In closing argument, the OSC said, Fieger dwelled on a spoliation-of-evidence claim, even though the trial judge had earlier thrown it out. And he cast the case as an epic struggle between a poor black guy and rich, powerful corporate interests.

In the end, the OSC said the jury did pretty much what Fieger asked: it looked at its $15 million economic damages award on the verdict form and wrote another $15 million in the space for punitive damages.

After the trial judge entered the order for a new trial, the plaintiff’s team moved to disqualify him. Apparently, the trial judge had had enough and voluntarily recused himself from further proceedings.

Up in the Court of Appeals of Ohio, Eighth District, the majority and dissenting opinions reveal that none of the judges were concerned about the trial judge’s extracurricular handling of the newspaper article. The majority said Fieger hadn’t objected and defense counsel apparently had a private chat with the trial judge about the article. They weren’t about to reward a claimed error that defense counsel instigated.

The majority characterized Fieger’s performance as zealous representation. “While we agree that plaintiff’s attorney does not appear in the transcript to be the most likeable person, we do not find that his conduct rises to the level to justify the granting of a new trial.” In contrast, the dissenting judge spent 27 pages detailing what she called Fieger’s “manipulative trial technique” and “the extent of his outrageous melodrama” in his closing argument, which, she said, was enough by itself to warrant a new trial.

The majority said the defense team was not contesting liability on appeal, only the super-sized verdict. Because there was sufficient evidence to support the jury’s liability finding, there was no need for a new trial. The majority conceded that there were problems with the expert testimony on damages. Remittitur would be the correct remedy. And, “the trial court is in the best position to determine whether a damages award is excessive.”

The OSC said the appeals court was looking at the wrong thing. It’s not about whether there was sufficient evidence to support the jury’s verdict. It’s all about the trial court being in the best position to determine whether the jury’s verdict “was excessive and given under the influence of passion or prejudice” and whether counsel’s misconduct “tainted the verdict.” The OSC ruled that if there’s competent, credible evidence to answer “yes” to these inquiries, as there was in this case, the trial court does not abuse its discretion by ordering a new trial, and that decision “should remain undisturbed.”

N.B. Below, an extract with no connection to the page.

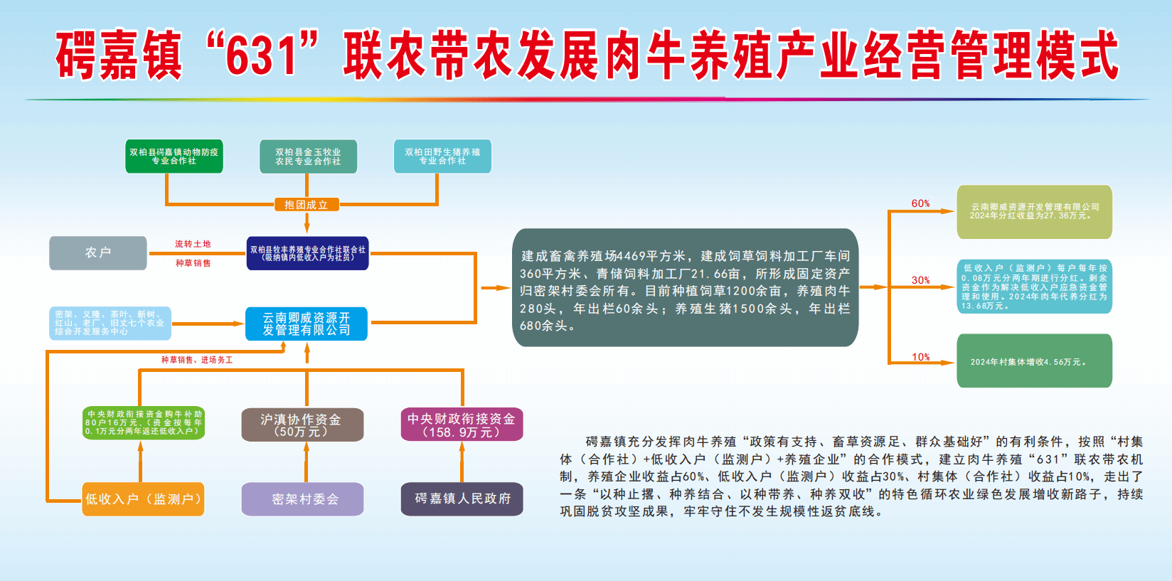 近年来,𥔲嘉镇充分发挥党建引领作用,积极争取投入中央财政衔接资金、沪滇协作资金208.9万元作为本金,盘活闲置资产成立村集体合作社联合社,将全镇低收入户(监测户)吸纳为社员,依托联合社引进养殖企业向无能力养殖的低收入户提供肉牛委托代养服务,建立了“631”联农带农机制(养殖企业收益占60%、低收入户(监测户)收益占30%、村集体(联合社)收益占10%,),走出了一条“以种止撂、种养结合、以种带养、种养双收”的特色循环农业绿色发展增收新路子,让肉牛产业成为乡村振兴的强劲引擎。

A dissenting justice sided with the lower appeals court majority on the issue of remittitur.

He also had this to say:

To order a retrial because of the obnoxious behavior of an attorney does our system of justice no favors – such behavior must be dealt with as it occurs, not after a judge decides that a party may have benefited from it.

The verdict should be knocked down to $10 million, the dissenter said. That’s a lot closer to the evidence of economic damages.

And he closed with this zinger:

Should the plaintiff refuse the remittitur, he would be entitled to a new trial. Before that trial, it would be wise for the trial judge to deny any motion for admission pro hac vice filed on behalf of Mr. Fieger.

The case is Harris v. Mt. Sinai Medical Center.